Since I am unsure of the exact placement of the panels, I am not able to simply order a premade extension cable for each pair of panels and cut it in half. This would yield two cables each having the appropriate MC4 connectors on one end. So I ordered a
50' roll of 10 awg wire designed for outdoor use on photovoltaic systems. And a package of
five pairs of MC4 connectors and an
MC4 crimp tool. The MC4 connectors are designed to be "tamper proof" meaning that you need a
special tool (pictured) to disconnect and disassemble the connectors. I believe that the only item left to get is the Dicor lap sealant. There was one new tube in one of the storage compartments probably left over from the roof installation.
All of this was delivered to Oregon as Amazon Prime wouldn't ship these and many other things to Alaska. But that works since the fifth wheel trailer is still in Vancouver, WA. For me, this whole process is a great opportunity to learn about solar and low voltage systems.
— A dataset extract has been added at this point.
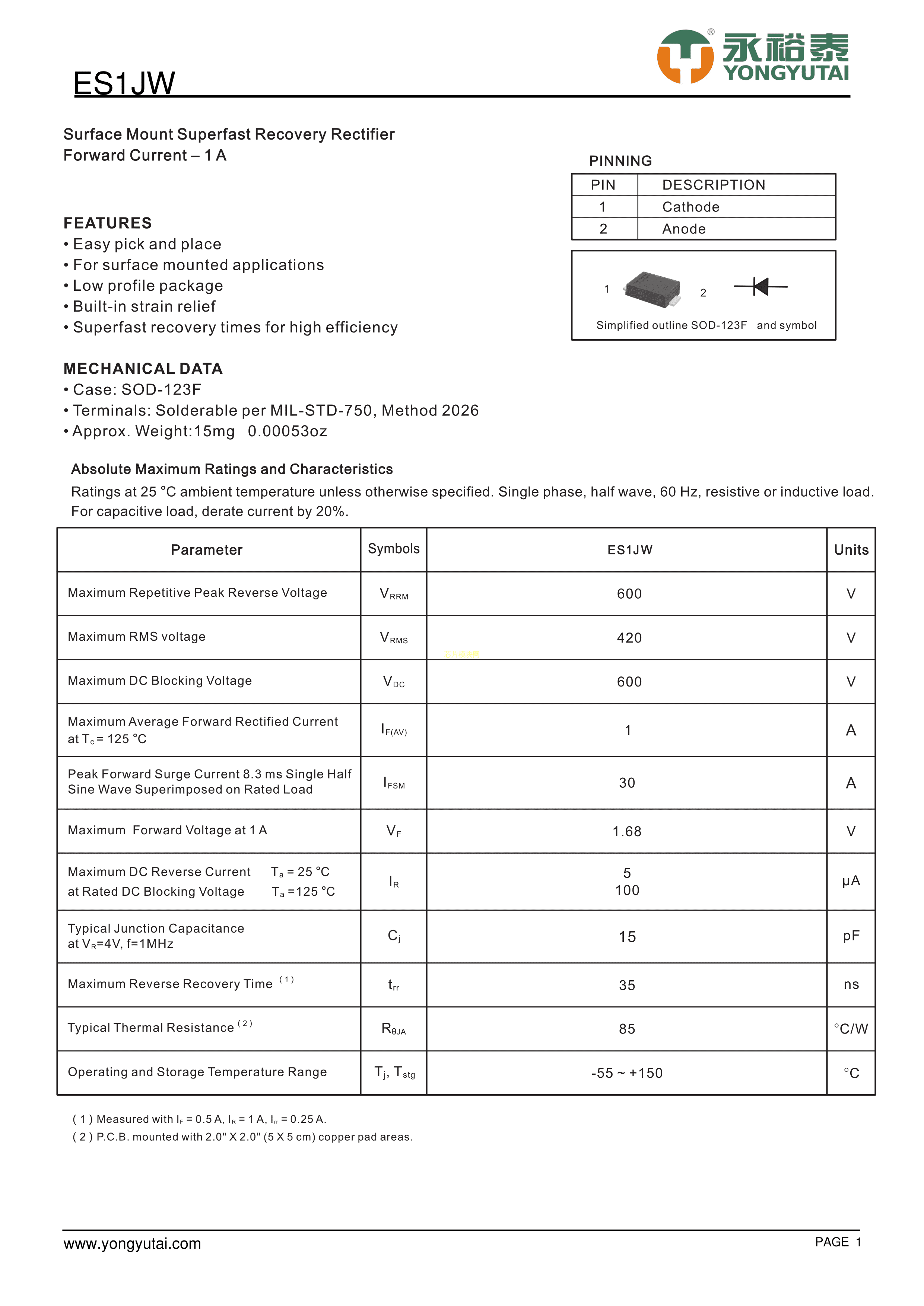 ES1JW数据手册SOD-123F封装YONGYUTAI(永裕泰)PDF规格书,中英文下载

What did surprise me is that the crimp tools, connectors and special tool plus the 50' of cable were less than the cost of two extension cables. This way I can make them the exact length that I need plus have enough cable, connectors and tools if/when I add additional panels. For anyone considering adding solar to their RV, the total for this 400 watt system is $865.71 including the panels, charge controller w/temperature compensation, two circuit breakers, MC4 tools and connectors, combiner box, 4 awg and 10 awg wire, heavy connectors and heat shrink tubing. This total does not include the batteries, battery box, inverter, automatic transfer switch, catastrophic fuse, Trimetric monitor and shunt, crimp tool, or 2/0 awg welding cable. I would have needed those even without the addition of the solar panels. And everything is sized so I can add up to 4 more 100 watt panels. The rough "rule of thumb" is panel wattage roughly equal to battery bank amp-hour capacity. 400 watts of solar panels and 430 amp-hours of battery capacity. This "rule" is a generalization and is based on flooded lead acid batteries.
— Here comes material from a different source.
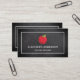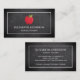 Cartão de visita elegante com uma maçã vermelha e bonita com tipografia moderna em fundo preto. Personalize-o com o seu nome e os seus contatos para dar uma primeira impressão duradoura.

Not much else to do except start installing this stuff... That'll be in May and I can hardly wait. BTW, all of the product links are using my Amazon Affiliate link which I'm not sure even does anything.
Updated Tuesday - Today was mostly sunny and the battery bank charged back up to 100% (the Trimetric was showing +2.5 amp-hours). The specific gravity of the cells were checked and in the picture, the hydrometer shows about 1.280. To correct for the 55°F temperature in the garage I need to subtract 0.004 for ever 10°F below 80°F or 1.270 and this corresponds to an almost fully charged battery according to the chart shown below. I did check the specific gravity in all of the cells and they were all between 1.270 and 1.280 but I'm not sure how much of the variation was due to my inconsistent testing technique. There is a line near the top of the clear plastic housing and if the battery fluid was above or below the line it seemed to affect the reading. I probably should've just ordered the glass version with a float but was concerned about breakage. The forecast for tomorrow through Friday is clear and cold.
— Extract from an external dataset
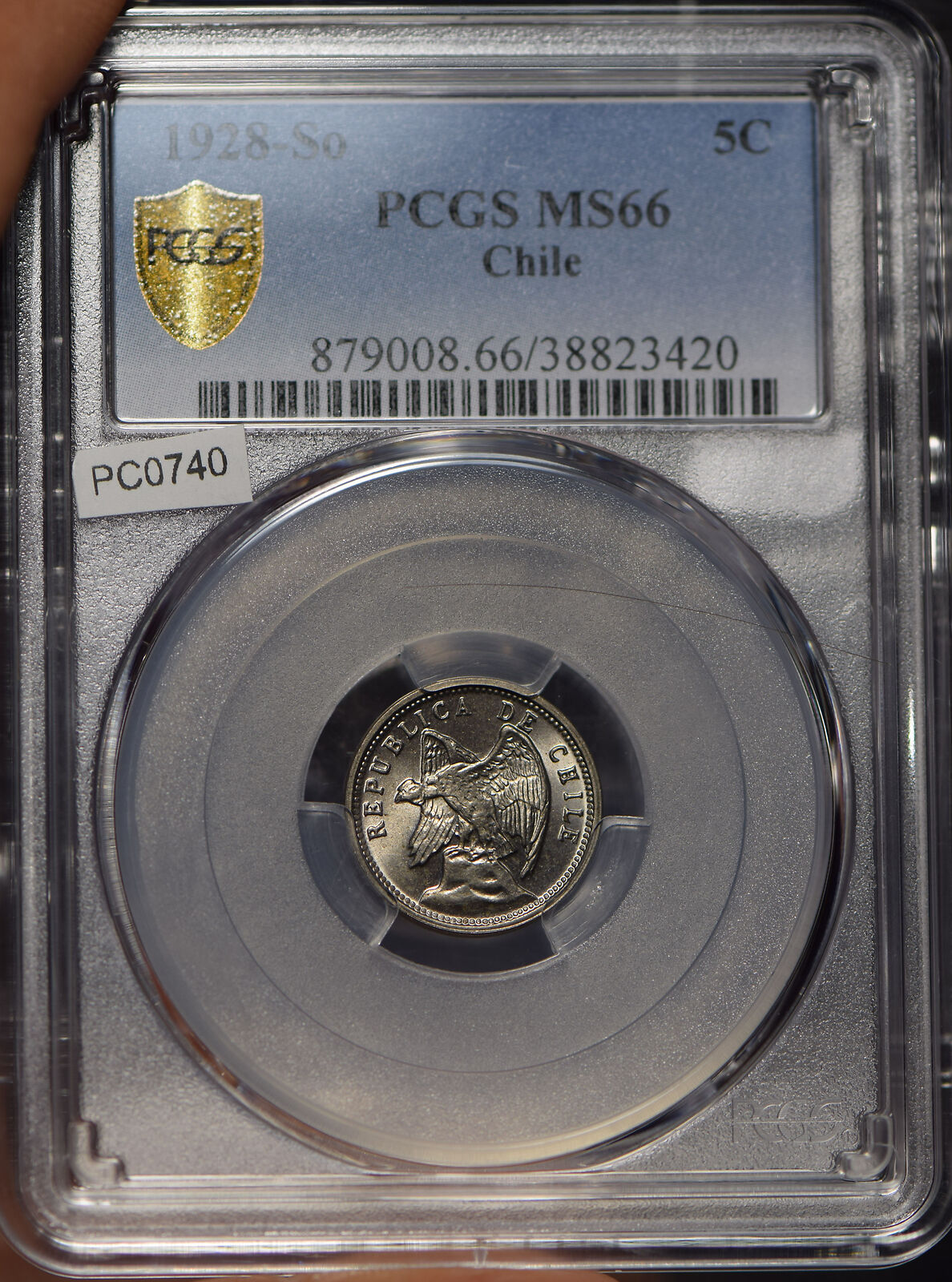 Chile 1928 5 Centavos Andean Condor animal PCGS MS66 rare this grade PC0740 comb

I'm logging the data to the Windows 10 laptop and it stores the data as a comma-separated text file which easily imports into Excel. The problem from my point of view is too much data. In these 820 rows you can see the sun coming up and a combination of partial clouds and the occasional tree blocking the sun. From the battery voltage, you can tell that it never made it out of bulk charge to absorption charge and eventually to float. The raw data supports that as one of the columns is control state and the entire column is "bulk". This is but a small fraction of the data as the default log frequency is every 5 seconds.